Riding high from the first five days of the trip, they aimed for a two-night backcountry trek before hitting Whitewater Ski Area on their last day.
They parked the car off Highway 3 at Bombi Summit near Castlegar and put their endurance to the test with a six-hour slog into Grassy Hut. The simple backcountry cabin is maintained by the Kootenay Mountaineers.
They had to make route-finding decisions and work as a group. They got a little lost and eventually found the way.
“The avalanche danger was up there, so it affected where we could go,” Mills said. “When we found the hut, all we could see was a little metal chimney. The hut was buried to the roof in snow on three sides. It was very cozy; the fire in the stove felt so good.”
They stayed two nights, deciding to play it safe on gentle terrain. Hollubek built a kicker by the cabin. They packed a runway and soon they were getting air.
“Breyden was doing flips,” Mills said. “There was so much snow you could land on your head and be fine. He just made the most out of everything. Breyden was blown away the whole time. He was living his dream.”

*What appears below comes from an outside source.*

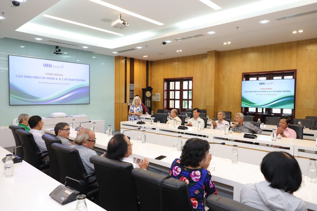 Sáng ngày 24/10/2022, tại phòng A.205, Ban Điều hành Mạng lưới cựu sinh viên UEH (UEH Alumni) đã đón tiếp Cựu sinh viên các khóa A, B, C về thăm trường nhân kỷ niệm 46 năm thành lập Đại học Kinh tế TP. Hồ Chí Minh (UEH) (27/10/1976 - 27/10/2022) trong không khí ấm áp, nghĩa tình.

“All the hospitality caused us to drop our guard, I guess,” Mills said, trying to explain the one significant downer of the Powder Highway trip.
“Somebody punched out the car lock while we were at the hut and cleaned us out, including laptop computers, downhill ski clothing and a camera.”
The thieves also siphoned the fuel tank and messed with the battery cables, forcing the group to a spiral of headaches.
“But everybody pulled together and had a good attitude,” Mills said. “We made a mistake parking there and leaving all that gear in the car, but ultimately it was just stuff.
“We weren’t going to let it ruin an amazing trip.”